■ DATA TO PROCESS:

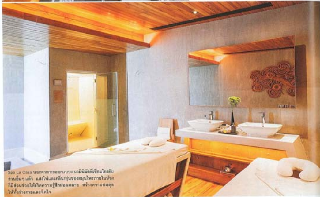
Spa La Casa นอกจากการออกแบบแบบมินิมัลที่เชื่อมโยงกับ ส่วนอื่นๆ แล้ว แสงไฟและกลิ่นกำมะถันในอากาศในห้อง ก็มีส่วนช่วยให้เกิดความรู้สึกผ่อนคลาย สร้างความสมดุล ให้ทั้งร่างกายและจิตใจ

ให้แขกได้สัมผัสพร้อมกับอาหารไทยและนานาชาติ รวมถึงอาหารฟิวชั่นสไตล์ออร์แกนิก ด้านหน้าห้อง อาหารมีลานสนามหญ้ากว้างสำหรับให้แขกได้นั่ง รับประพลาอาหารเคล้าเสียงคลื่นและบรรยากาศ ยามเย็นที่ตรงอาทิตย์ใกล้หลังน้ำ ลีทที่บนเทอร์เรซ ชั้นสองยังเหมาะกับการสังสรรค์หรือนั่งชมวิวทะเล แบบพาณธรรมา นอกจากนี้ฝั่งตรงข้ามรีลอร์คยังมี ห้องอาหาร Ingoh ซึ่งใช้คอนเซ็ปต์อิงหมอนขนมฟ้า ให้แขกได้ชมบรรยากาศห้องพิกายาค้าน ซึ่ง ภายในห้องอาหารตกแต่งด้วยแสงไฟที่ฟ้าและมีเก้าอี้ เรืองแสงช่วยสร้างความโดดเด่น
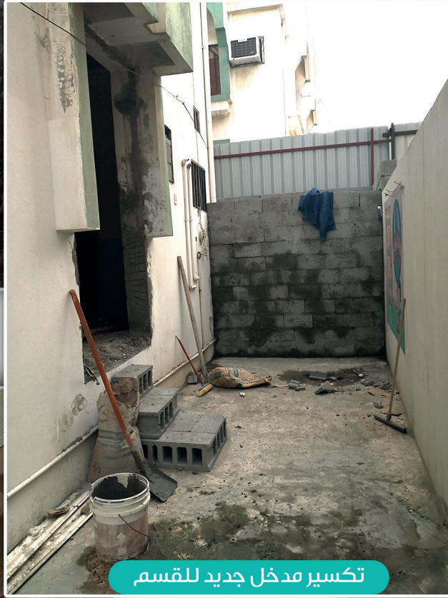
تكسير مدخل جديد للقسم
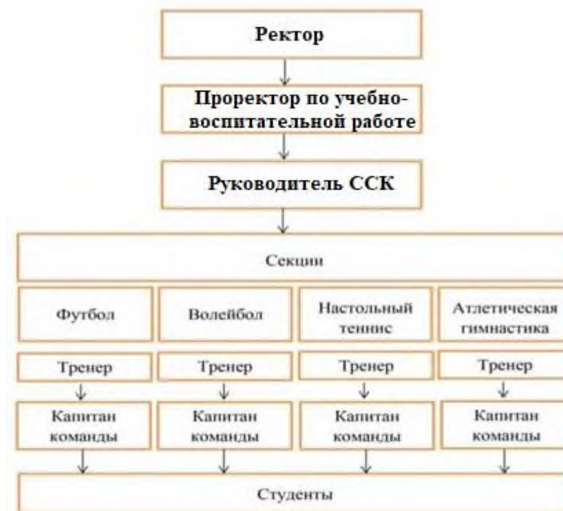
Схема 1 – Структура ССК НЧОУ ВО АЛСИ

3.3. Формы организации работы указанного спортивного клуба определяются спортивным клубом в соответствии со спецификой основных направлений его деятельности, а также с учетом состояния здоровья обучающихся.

■ WHAT IS BEING ASKED: The response should be the lines from the one containing "تكسير مدخل جديد للقسم" through the final line of the records, reproduced exactly and with every picture left out.

■ PROBLEM SOLUTION:
تكسير مدخل جديد للقسم
Схема 1 – Структура ССК НЧОУ ВО АЛСИ

3.3. Формы организации работы указанного спортивного клуба определяются спортивным клубом в соответствии со спецификой основных направлений его деятельности, а также с учетом состояния здоровья обучающихся.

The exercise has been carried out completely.